Exercise goal: Would you print exactly the lines that begin the listing and continue through the line holding "Особенности: Сдается уютная"? No pictures, please.

==============================

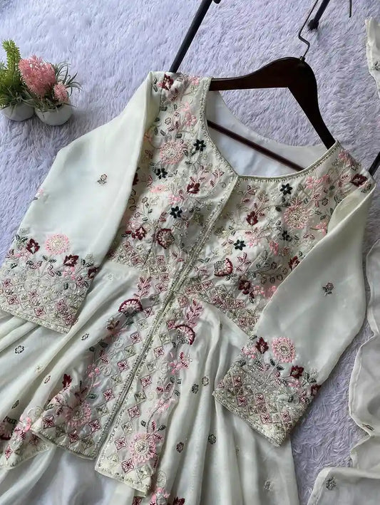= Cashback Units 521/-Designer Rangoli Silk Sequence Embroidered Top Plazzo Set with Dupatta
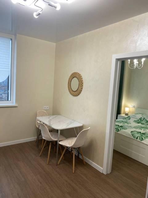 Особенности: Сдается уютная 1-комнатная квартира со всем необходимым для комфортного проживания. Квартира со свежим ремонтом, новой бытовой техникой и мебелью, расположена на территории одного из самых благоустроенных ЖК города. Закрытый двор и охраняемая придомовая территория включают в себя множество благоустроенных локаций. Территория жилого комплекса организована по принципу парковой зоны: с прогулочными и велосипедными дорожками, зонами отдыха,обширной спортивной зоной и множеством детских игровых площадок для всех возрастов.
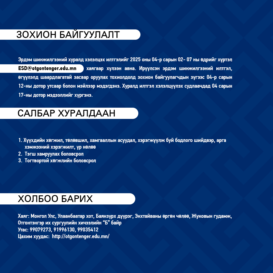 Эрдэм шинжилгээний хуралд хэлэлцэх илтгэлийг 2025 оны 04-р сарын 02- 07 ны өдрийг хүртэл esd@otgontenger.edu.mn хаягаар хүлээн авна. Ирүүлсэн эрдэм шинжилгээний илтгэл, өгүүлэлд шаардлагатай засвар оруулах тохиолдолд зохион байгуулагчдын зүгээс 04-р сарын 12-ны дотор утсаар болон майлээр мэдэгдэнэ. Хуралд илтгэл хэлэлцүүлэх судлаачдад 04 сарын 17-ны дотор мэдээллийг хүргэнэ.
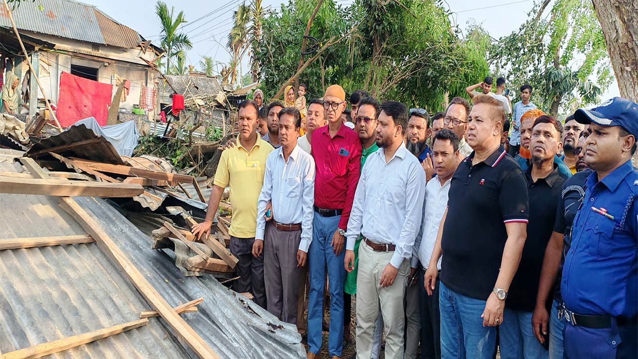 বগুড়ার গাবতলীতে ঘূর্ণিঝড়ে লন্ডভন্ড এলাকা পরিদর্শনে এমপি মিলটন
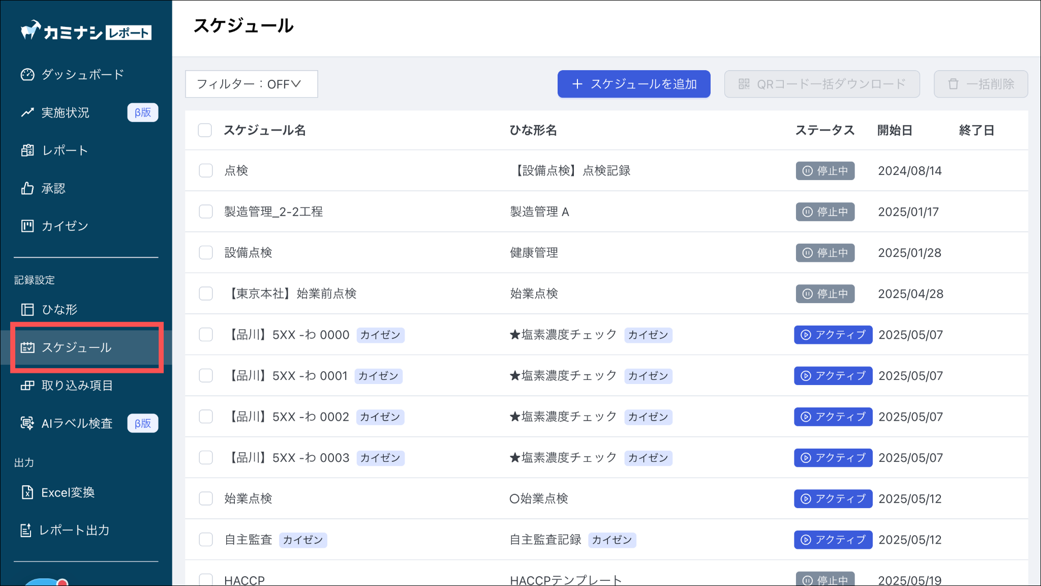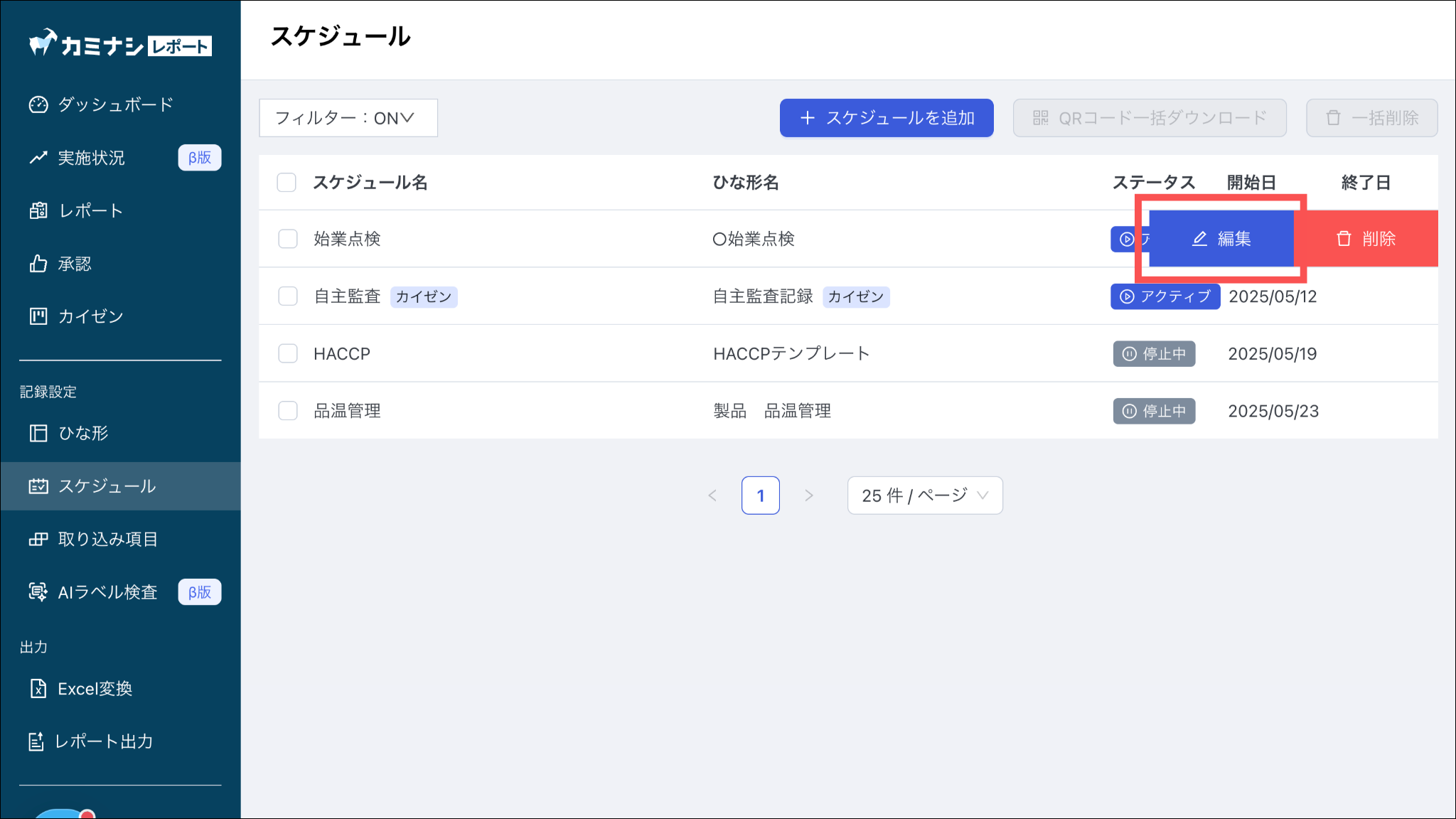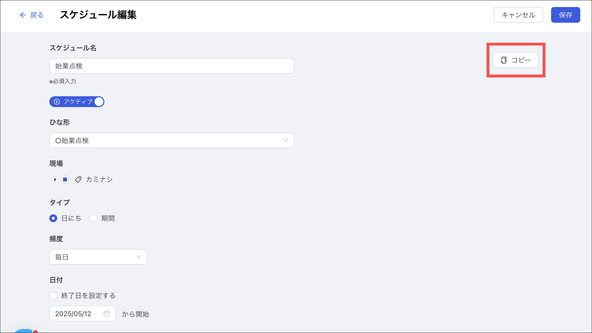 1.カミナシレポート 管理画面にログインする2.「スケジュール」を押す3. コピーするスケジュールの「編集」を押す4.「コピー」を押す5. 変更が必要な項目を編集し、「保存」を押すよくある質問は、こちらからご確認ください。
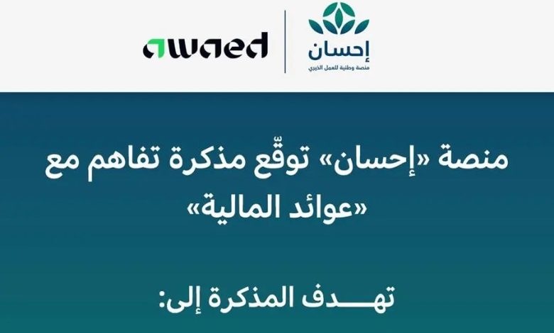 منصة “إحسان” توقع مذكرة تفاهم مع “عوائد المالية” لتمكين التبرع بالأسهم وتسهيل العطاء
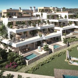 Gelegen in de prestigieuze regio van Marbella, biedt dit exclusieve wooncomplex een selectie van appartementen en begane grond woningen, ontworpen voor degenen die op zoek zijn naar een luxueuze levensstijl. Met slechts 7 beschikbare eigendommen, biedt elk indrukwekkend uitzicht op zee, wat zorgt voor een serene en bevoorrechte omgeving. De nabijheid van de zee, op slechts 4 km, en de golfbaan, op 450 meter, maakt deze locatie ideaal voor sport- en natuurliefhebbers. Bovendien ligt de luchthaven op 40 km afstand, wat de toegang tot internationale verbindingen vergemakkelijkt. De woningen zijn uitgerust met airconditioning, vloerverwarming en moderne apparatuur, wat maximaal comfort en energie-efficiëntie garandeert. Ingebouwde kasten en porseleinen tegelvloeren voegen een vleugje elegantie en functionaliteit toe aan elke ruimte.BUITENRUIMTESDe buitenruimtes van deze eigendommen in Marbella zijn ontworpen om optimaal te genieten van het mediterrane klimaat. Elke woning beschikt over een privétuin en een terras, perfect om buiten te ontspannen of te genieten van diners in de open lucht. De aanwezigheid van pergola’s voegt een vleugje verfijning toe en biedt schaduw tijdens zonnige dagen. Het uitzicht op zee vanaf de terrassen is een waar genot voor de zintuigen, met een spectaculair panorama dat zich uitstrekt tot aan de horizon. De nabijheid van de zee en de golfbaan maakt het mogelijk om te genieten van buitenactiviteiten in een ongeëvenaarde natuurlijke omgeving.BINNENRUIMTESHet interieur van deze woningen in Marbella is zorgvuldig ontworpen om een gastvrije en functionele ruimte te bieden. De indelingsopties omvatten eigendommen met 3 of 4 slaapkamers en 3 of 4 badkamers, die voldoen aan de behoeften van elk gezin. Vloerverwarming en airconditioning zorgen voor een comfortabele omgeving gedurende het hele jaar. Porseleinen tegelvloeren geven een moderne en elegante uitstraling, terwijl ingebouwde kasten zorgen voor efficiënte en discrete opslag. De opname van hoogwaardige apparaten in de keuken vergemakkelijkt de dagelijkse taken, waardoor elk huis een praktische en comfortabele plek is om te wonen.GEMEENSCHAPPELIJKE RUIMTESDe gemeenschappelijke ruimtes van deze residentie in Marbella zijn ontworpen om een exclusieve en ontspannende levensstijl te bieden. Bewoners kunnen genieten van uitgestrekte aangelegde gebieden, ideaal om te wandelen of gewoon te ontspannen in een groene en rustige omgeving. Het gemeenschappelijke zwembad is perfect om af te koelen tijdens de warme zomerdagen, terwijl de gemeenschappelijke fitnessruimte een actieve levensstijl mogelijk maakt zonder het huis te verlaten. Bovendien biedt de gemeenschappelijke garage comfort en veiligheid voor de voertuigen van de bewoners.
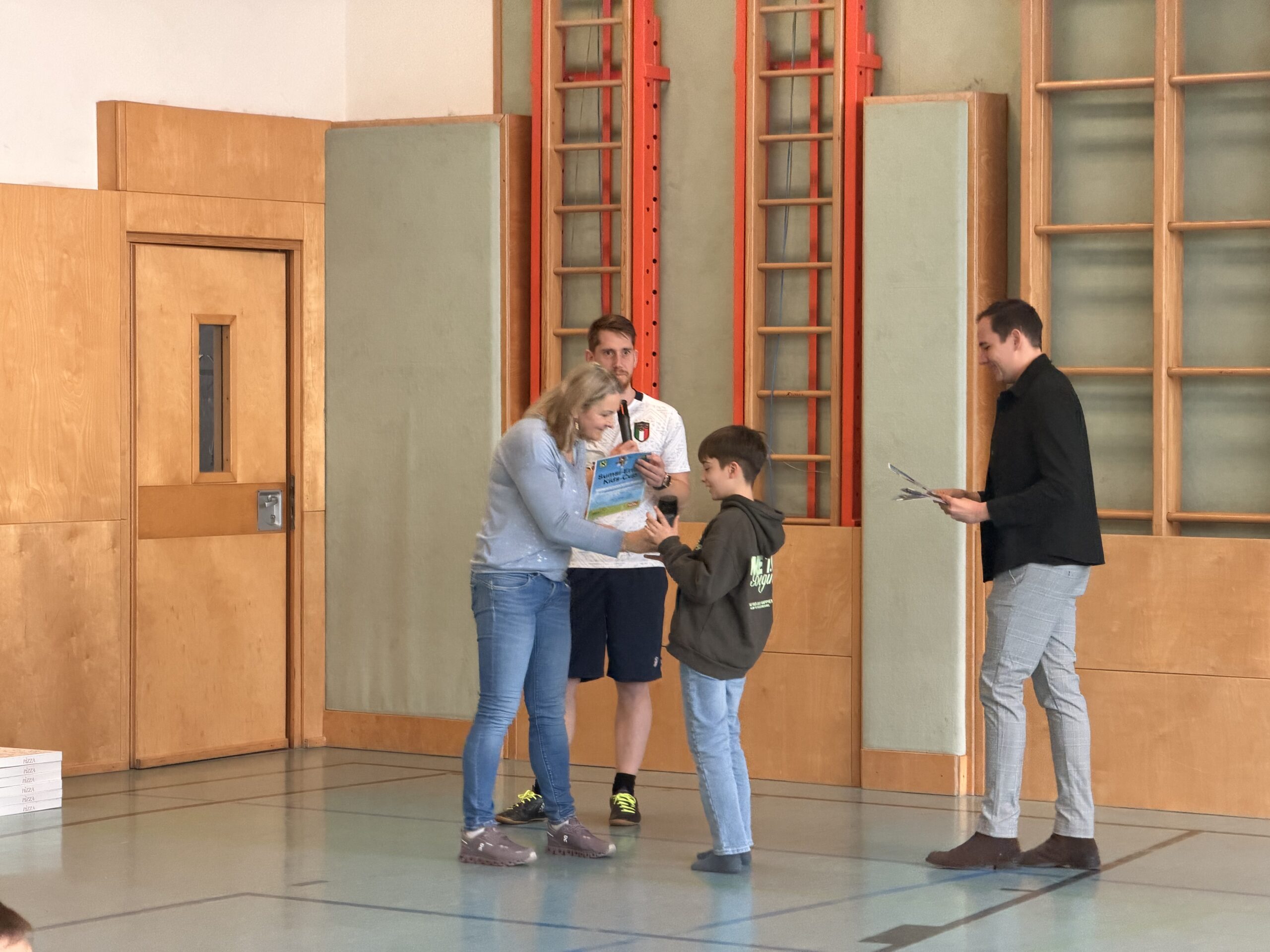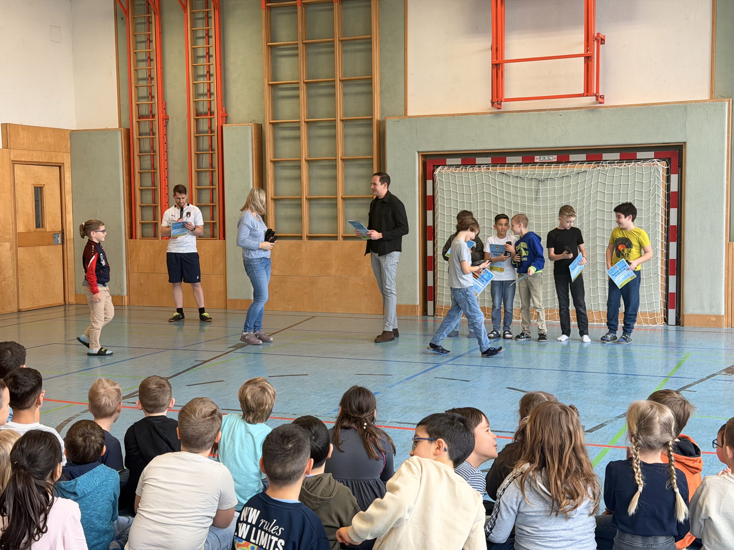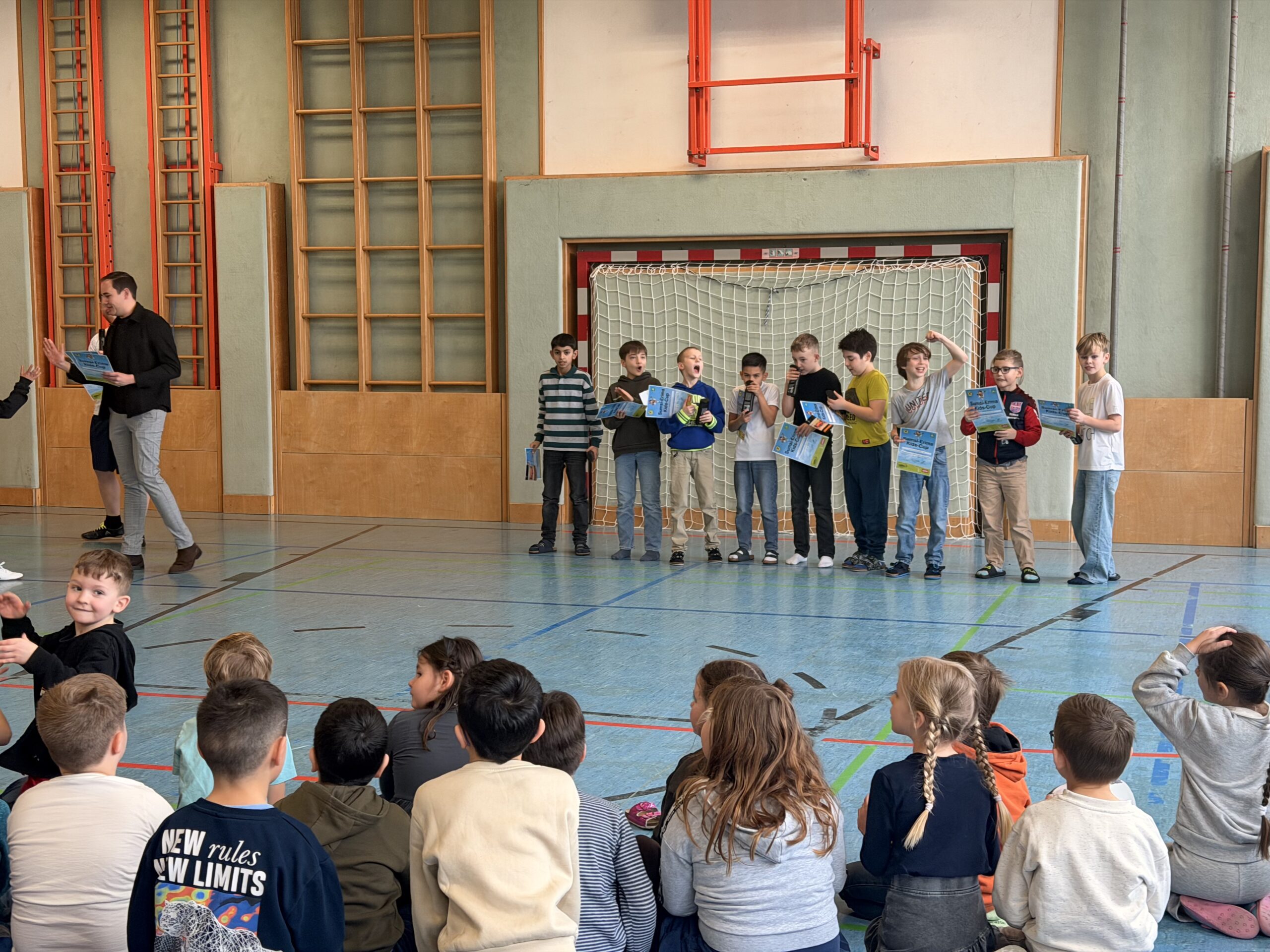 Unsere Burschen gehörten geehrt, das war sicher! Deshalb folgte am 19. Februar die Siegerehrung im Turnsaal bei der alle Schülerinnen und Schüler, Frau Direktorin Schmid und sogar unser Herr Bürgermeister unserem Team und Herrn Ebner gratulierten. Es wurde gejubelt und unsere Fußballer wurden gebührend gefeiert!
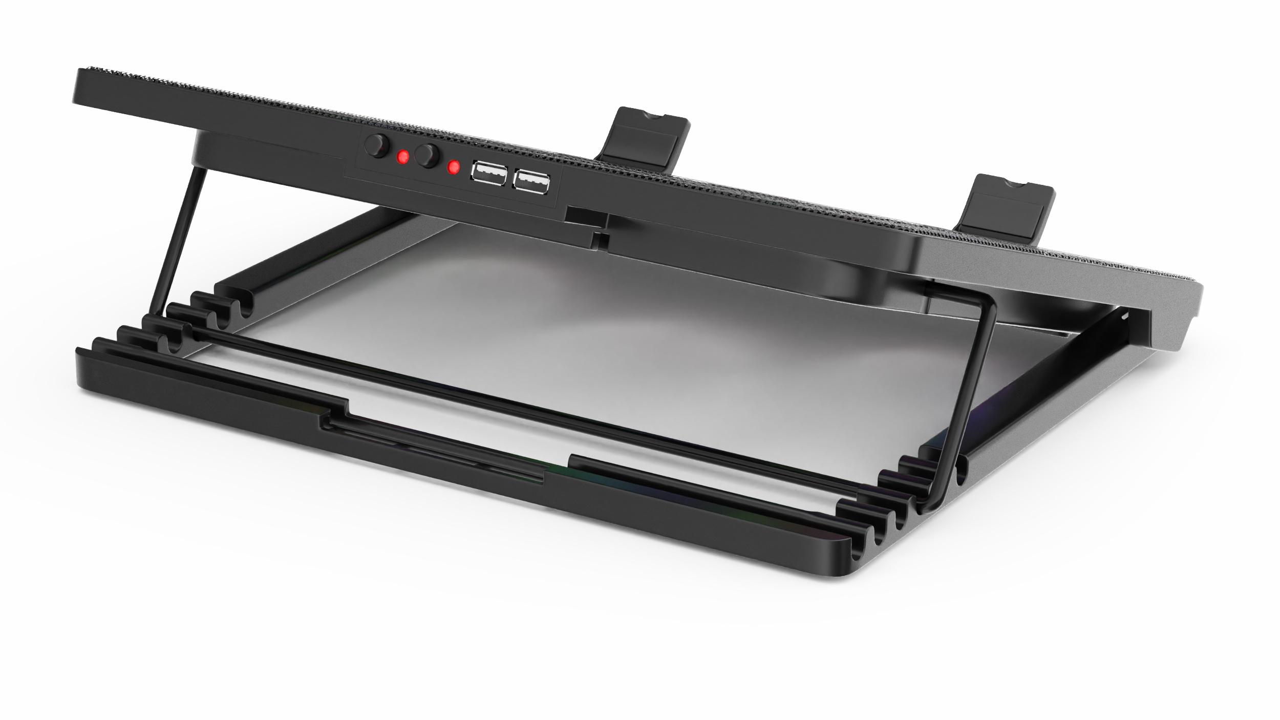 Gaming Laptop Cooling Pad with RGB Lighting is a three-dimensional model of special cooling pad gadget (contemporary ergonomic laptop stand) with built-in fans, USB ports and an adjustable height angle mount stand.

==============================

Output below:
= Cashback Units 521/-Designer Rangoli Silk Sequence Embroidered Top Plazzo Set with Dupatta
 Особенности: Сдается уютная 1-комнатная квартира со всем необходимым для комфортного проживания. Квартира со свежим ремонтом, новой бытовой техникой и мебелью, расположена на территории одного из самых благоустроенных ЖК города. Закрытый двор и охраняемая придомовая территория включают в себя множество благоустроенных локаций. Территория жилого комплекса организована по принципу парковой зоны: с прогулочными и велосипедными дорожками, зонами отдыха,обширной спортивной зоной и множеством детских игровых площадок для всех возрастов.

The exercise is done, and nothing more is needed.